Start of Block

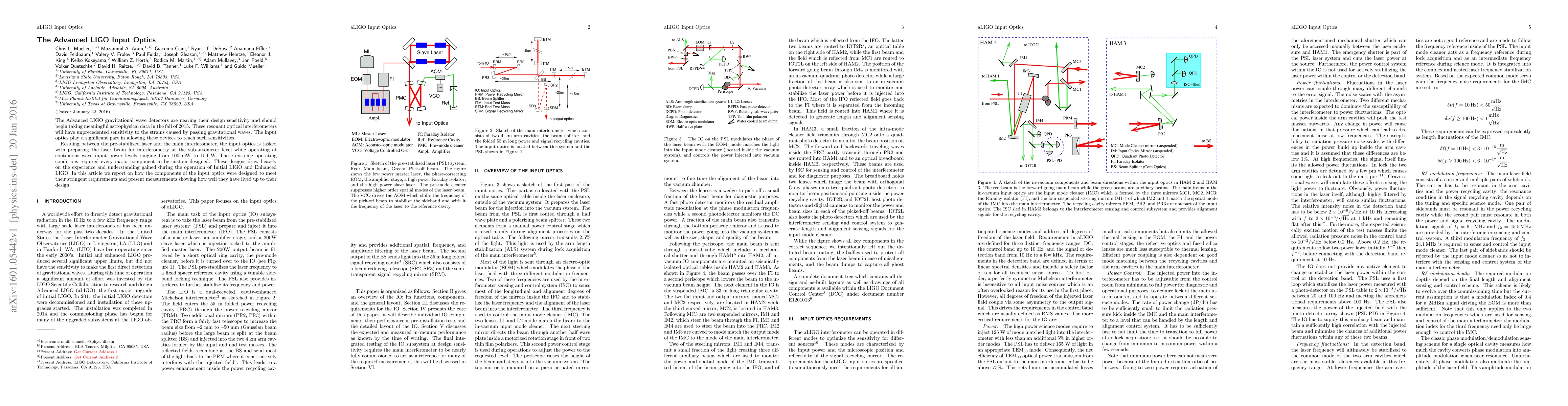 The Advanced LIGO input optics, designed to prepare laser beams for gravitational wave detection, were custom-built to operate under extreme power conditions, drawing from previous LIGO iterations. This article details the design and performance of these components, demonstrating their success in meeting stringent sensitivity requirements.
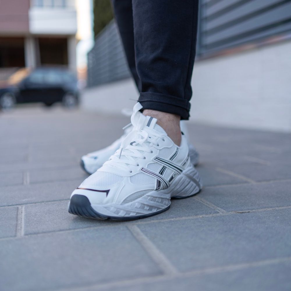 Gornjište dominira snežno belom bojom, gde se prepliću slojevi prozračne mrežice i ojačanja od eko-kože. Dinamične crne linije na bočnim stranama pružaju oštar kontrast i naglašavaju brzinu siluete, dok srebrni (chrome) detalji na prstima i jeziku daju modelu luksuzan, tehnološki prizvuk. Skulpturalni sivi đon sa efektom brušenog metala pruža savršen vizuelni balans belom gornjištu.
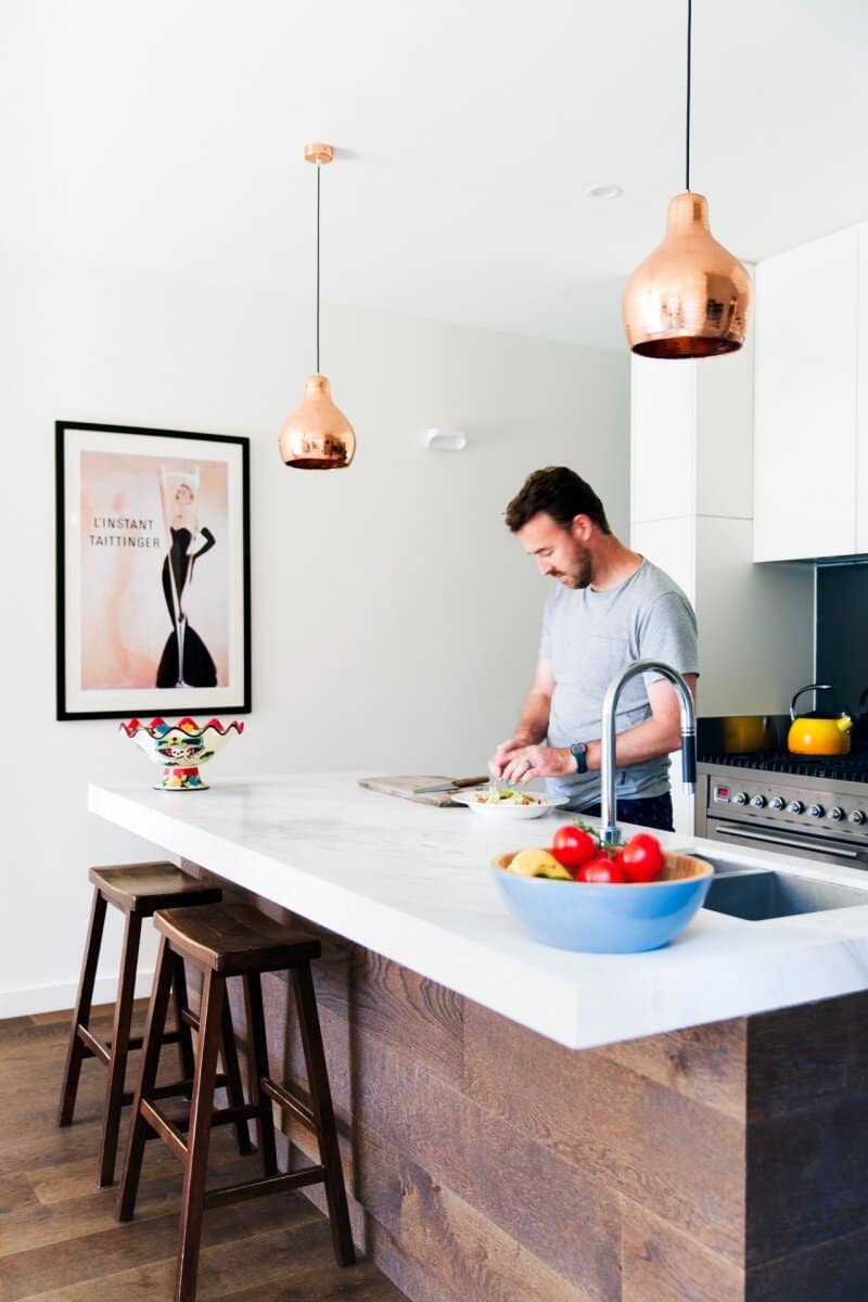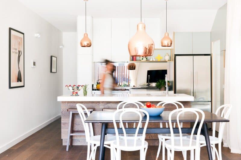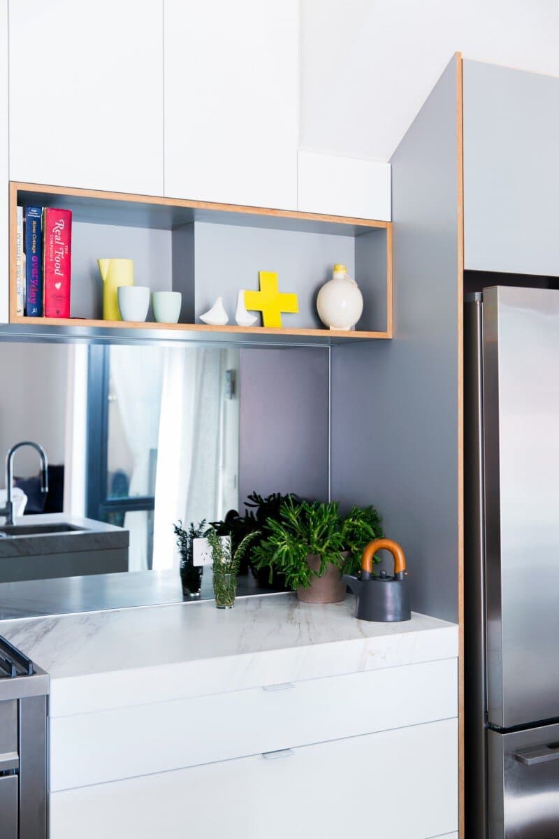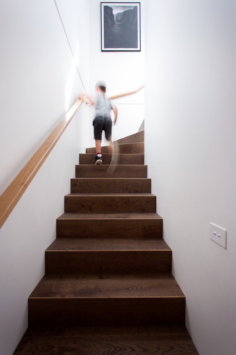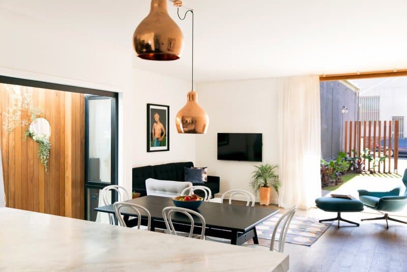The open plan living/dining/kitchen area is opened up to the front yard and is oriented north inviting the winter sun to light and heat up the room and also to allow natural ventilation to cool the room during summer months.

End of Block
Start of Block

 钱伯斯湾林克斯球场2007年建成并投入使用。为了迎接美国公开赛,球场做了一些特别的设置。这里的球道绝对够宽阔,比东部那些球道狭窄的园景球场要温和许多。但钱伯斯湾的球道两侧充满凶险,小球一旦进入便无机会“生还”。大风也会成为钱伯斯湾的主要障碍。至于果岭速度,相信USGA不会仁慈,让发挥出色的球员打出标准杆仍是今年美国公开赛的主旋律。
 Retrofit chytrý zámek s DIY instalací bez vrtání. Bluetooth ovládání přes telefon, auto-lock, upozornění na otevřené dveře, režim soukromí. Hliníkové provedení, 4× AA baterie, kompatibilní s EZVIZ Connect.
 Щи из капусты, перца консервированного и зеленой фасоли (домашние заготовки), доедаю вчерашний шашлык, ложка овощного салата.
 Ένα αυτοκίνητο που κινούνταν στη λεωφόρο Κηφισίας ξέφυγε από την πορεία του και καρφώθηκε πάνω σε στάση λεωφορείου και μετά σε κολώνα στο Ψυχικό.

End of Block
Start of Block

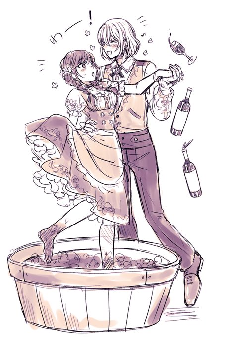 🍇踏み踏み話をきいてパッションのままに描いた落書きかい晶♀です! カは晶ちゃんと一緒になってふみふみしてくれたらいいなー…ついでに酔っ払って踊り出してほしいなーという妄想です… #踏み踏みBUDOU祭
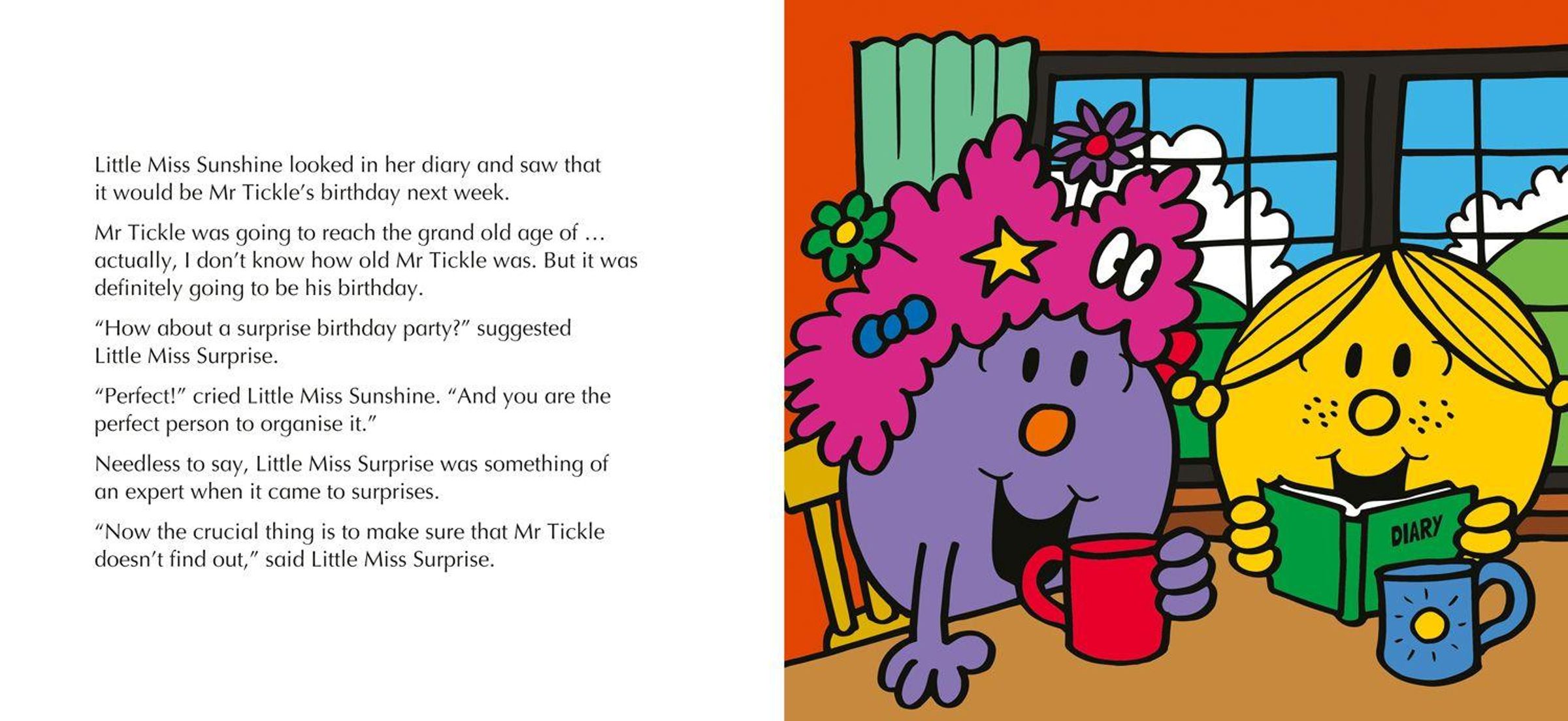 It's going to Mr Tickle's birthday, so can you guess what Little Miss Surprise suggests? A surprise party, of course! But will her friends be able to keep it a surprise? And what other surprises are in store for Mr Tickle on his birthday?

End of Block

● **Task goal**: Going down the listing above, begin printing at the line with "钱伯斯湾林克斯球场2007年" and finish with the line with "Retrofit chytrý zámek", exactly as they appear.

● **Result of this exercise**:
 钱伯斯湾林克斯球场2007年建成并投入使用。为了迎接美国公开赛,球场做了一些特别的设置。这里的球道绝对够宽阔,比东部那些球道狭窄的园景球场要温和许多。但钱伯斯湾的球道两侧充满凶险,小球一旦进入便无机会“生还”。大风也会成为钱伯斯湾的主要障碍。至于果岭速度,相信USGA不会仁慈,让发挥出色的球员打出标准杆仍是今年美国公开赛的主旋律。
 Retrofit chytrý zámek s DIY instalací bez vrtání. Bluetooth ovládání přes telefon, auto-lock, upozornění na otevřené dveře, režim soukromí. Hliníkové provedení, 4× AA baterie, kompatibilní s EZVIZ Connect.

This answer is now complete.